Thursday, May 03, 2012

Book Review -- Underground Time

On Tuesday I posted the introduction to a book I had started and was loving. Well, I've finished it and please, let me warn you that you should not read it unless you are feeling so, so happy that you need something to make you feel miserable. As a matter of fact, you may feel guilty about being so happy and you immediately need to pick up this book to bring you down so strangers can stand to be around you again. Otherwise, skip the pretty language and the hopeful blurb on the back.
I know. What was I thinking? It's French. Even their comedies are depressing. But the book jacket said Mathilde and Thibault were two lonely people in Paris. And we get to see that loneliness, that misery building block by block. Have things taken a turn for Mathilde? No. Back down again. Maybe Thibault will meet her in the subway. No, they missed each other. The psychic promised her life would change on the day the entire book takes place. But the blurb on the book jacket left the reader hopeful when it said, "a lonesome city... But what if these two could save each other?"
It does say "what if..." which apparently in France means, they can't and they won't.
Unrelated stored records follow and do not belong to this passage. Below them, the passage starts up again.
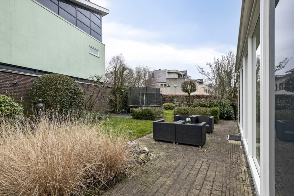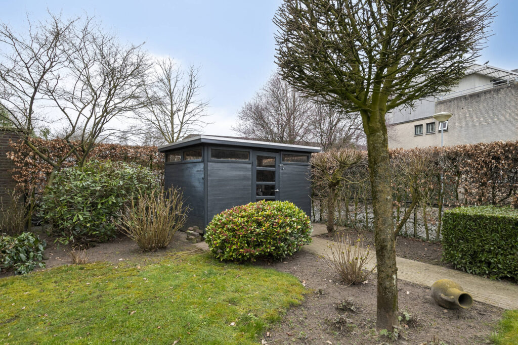 De tuin is absoluut een van de grootste voordelen van de woning. In de tuin vindt u namelijk meerdere terrassen, de betegelde terrassen zijn voorzien van elektrische zonneschermen, waardoor u heerlijke zomeravonden kunt beleven. Er zijn diverse borders met een diversiteit aan beplanting. In de tuin en met het park op de achtergrond heeft u het gehele jaar door het gevoel dat u in de vrije natuur woont. Uiteraard is de tuin omsloten door een hekwerk met 2 poortjes. Tevens is er een vrijstaande houten berging aanwezig.
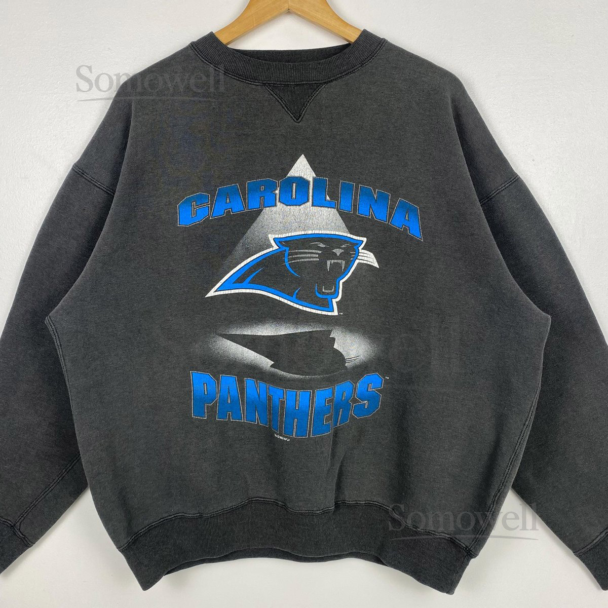 90s NFL Carolina Panthers Crewneck Sweatshirt Print Logo Faded Black Color Mens L_14
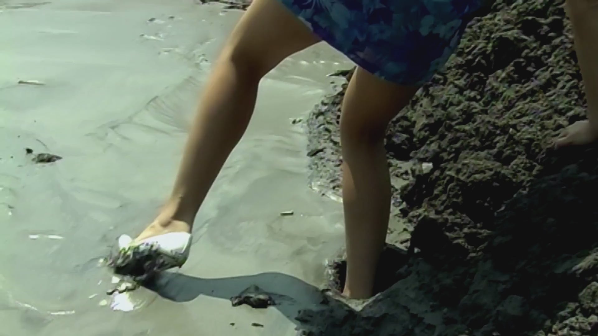 Carrie LaChance sinks into pure quicksand as the ground slowly pulls her down with no sign of release. A blue dress keeps and dark sunglasses add to this cool, untouchable edge even as the pit tightens its grip. Glossy suntan skin catches the light as mud pours around her legs sucking in her white patent high heel pumps with the unforgiving underneath. This video is from Carrie LaChance Gallery 57.
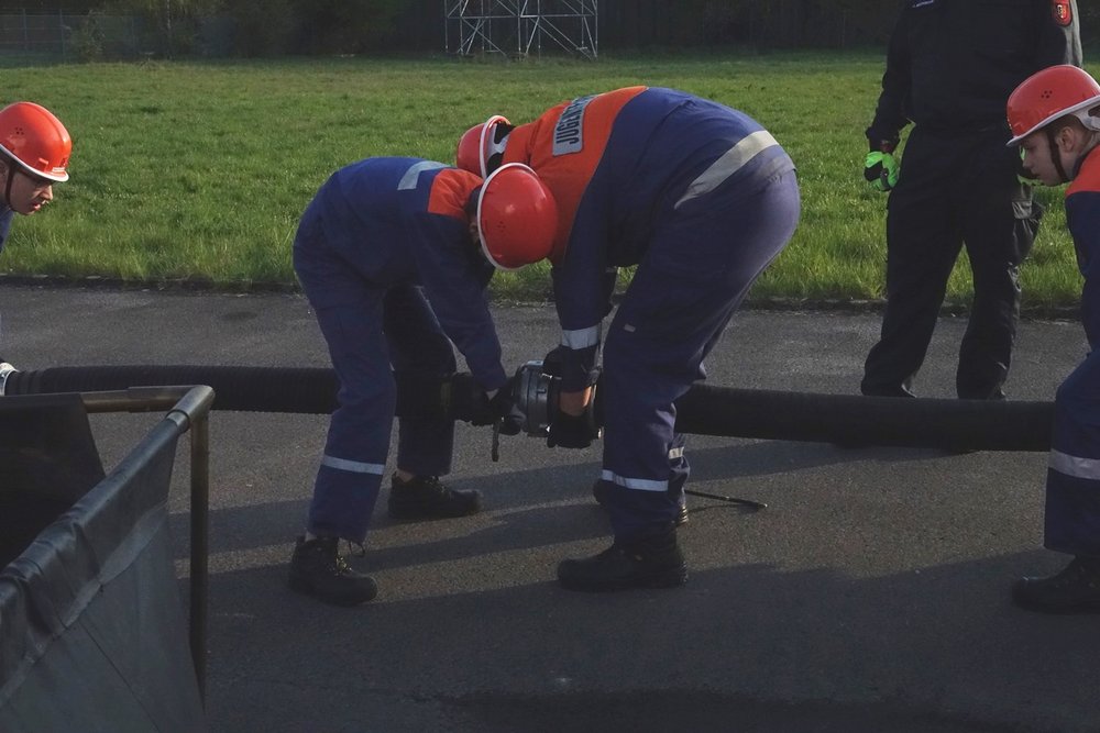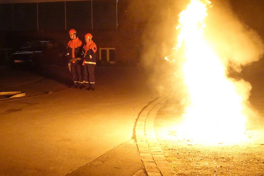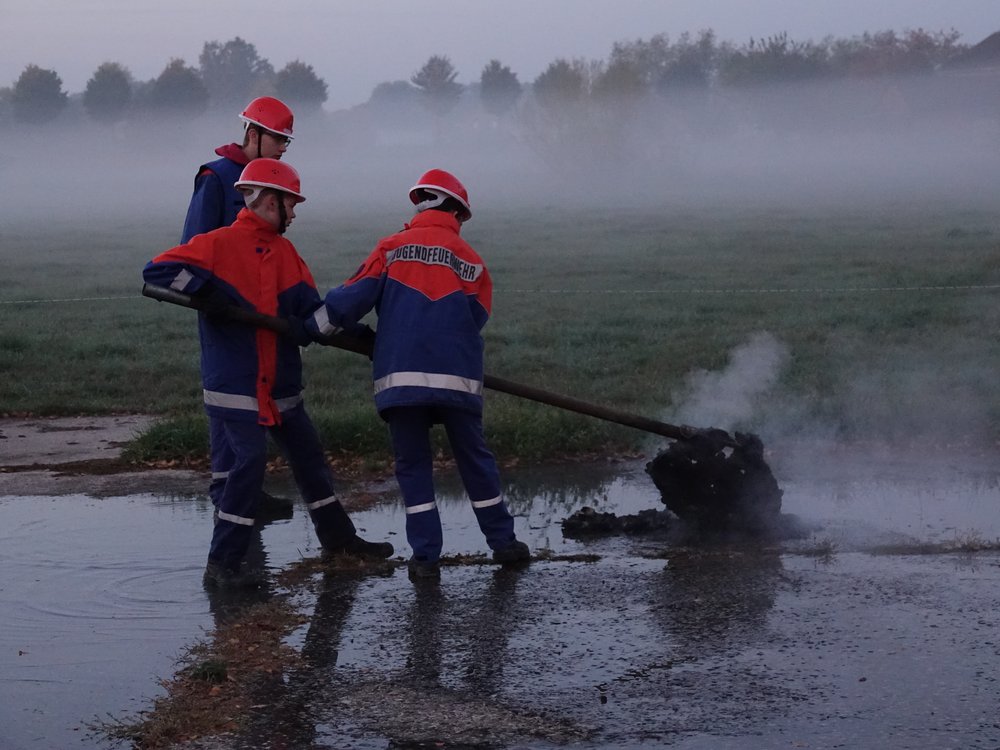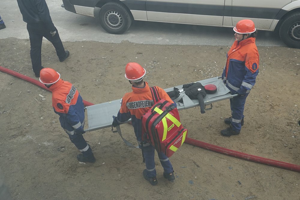 Ein aufgeregter Besitzer einer Industrie meldete einen Brand an einer neu angeschafften Maschine und teilte eine unbekannte Anzahl von vermissten Personen mit. Die Jugendfeuerwehr rückte mit vier Fahrzeugen an, die jeweils unterschiedliche Aufgaben bei der Brandbekämpfung und der Personensuche übernahmen. Die Jugendlichen auf dem ersteintreffenden Fahrzeug an der Einsatzstelle, rüsteten sich mit Atemschutzgeräten aus und begannen die Brandbekämpfung an der Maschine sowie die Suche nach den vermissten Personen. Die nachfolgenden Fahrzeuge stellten die Wasserversorgung her und bekämpften den Brand von beiden Seite der Industriehalle. Eine besondere Aufgabe dabei war es Gasflaschen zu kühlen, die sich in der Nähe der brennenden Maschine befanden. Am Ende der Übung stellte sich heraus, dass alle sich in Gefahr befindenden Personen gerettet wurden. Auch der Brand konnte erfolgreich gelöscht werden.
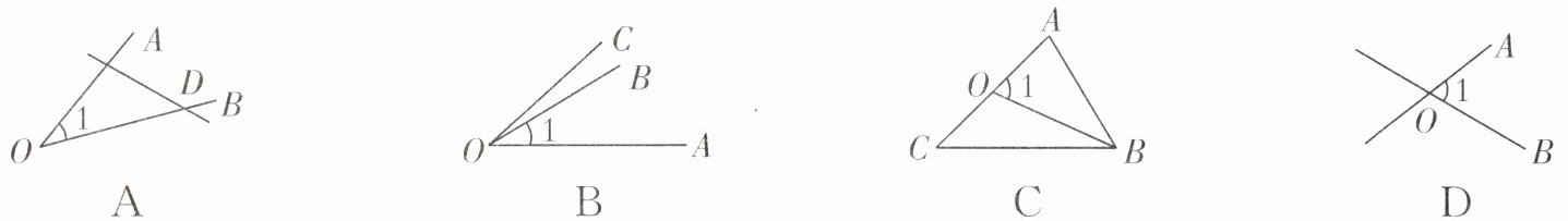 2. 下列四个图形中,能用$∠1$,$∠AOB$,$∠O$三种方法表示同一个角的图形是(
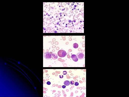 Picture 1. Blood film at 400X magnification demonstrates leukocytosis with the presence of precursor cells of the myeloid lineage. In addition, basophilia, eosinophilia, and thrombocytosis can be seen. Picture 2. Blood film at 1000X magnification demonstrates the whole granulocytic lineage, including an eosinophil and a basophil. Picture 3. Blood film at 1000X magnification shows a promyelocyte, an eosinophil, and 3 basophils. |
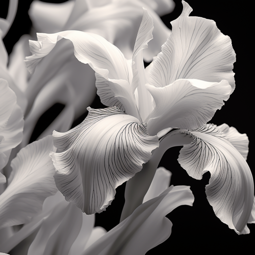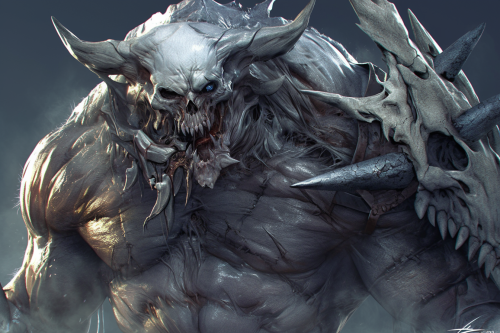 Close-up portrait of an orc in black and white, inspired by the iconic orcs of Warcraft. The focus is on high detail and texture, with rough, intricate skin features. The orc has rings on its tusks and several scars across its face, adding character and history. The orc’s skin features more white tones than black, giving a brighter overall appearance. The lighting is soft and even, minimizing deep shadows, especially around the eyes, which should remain visible and not too dark. The background is black to contrast the orc's lighter tones, while the overall feel remains balanced, focusing on clarity and detailed facial features. --ar 1:3

So if you got your hopes up like I did, well, perhaps you skipped the part about it being French.
Most of the book has a great languid quality about it. Yet, it made me anxious. Nothing much happens except lots of angst from both characters. And (SPOILER ALERT) in the end, they do see each other on the subway, look at each other, and when he looks up again, she has exited. He exits at the next stop and the book ends.
I kept reading because I thought something in their lives might actually get better. Who wants the characters to walk away miserable? Apparently, the French do.
So if you're incredibly happy, read this book. Or, if you're already feeling miserable and you want to feel like you have company, read this book.

2 comments:

Lucia said...

those are they kind of books that make me whip it across the subway car! lol...where I do most of my reading!

Paulita said...

Lucia, This book would be perfect for you then because so much of it takes place in the Metro or in the RER in Paris. I can hear the "bum-ba-dum" chimes before the woman's voice announcing the next train.